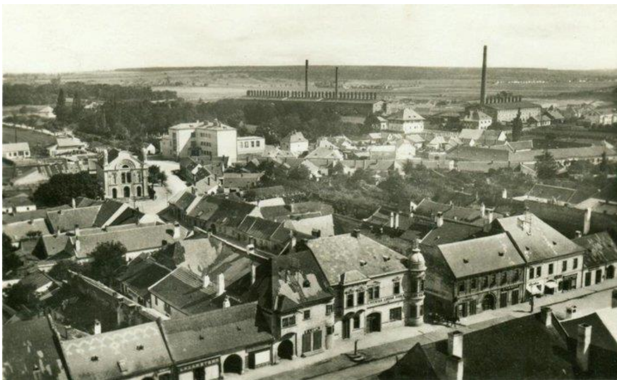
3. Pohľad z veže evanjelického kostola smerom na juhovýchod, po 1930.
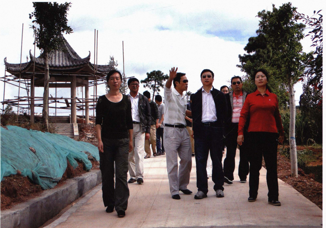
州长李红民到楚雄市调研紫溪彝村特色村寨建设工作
━━━━━━━━━━━━━━━━
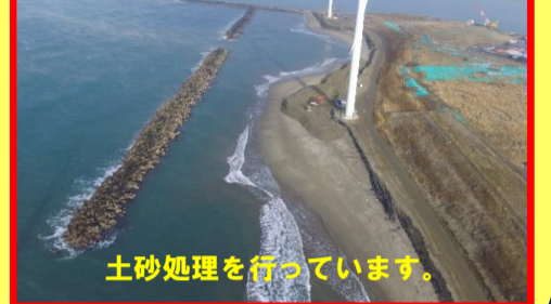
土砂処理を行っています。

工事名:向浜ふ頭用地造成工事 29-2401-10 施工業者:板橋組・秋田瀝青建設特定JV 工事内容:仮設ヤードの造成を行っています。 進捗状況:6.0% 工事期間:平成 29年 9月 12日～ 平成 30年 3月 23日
━━━━━━━━━━━━━━━━
**WORK ITEM**
Print, from the entries above, the line with "土砂処理を行っています。", the line with "工事名:向浜ふ頭用地造成工事 29-2401-10 施工業者:板橋組・秋田瀝青建設特定JV" and all lines between them, exactly and with nothing else.

**EXERCISE SOLUTION**
土砂処理を行っています。

工事名:向浜ふ頭用地造成工事 29-2401-10 施工業者:板橋組・秋田瀝青建設特定JV 工事内容:仮設ヤードの造成を行っています。 進捗状況:6.0% 工事期間:平成 29年 9月 12日～ 平成 30年 3月 23日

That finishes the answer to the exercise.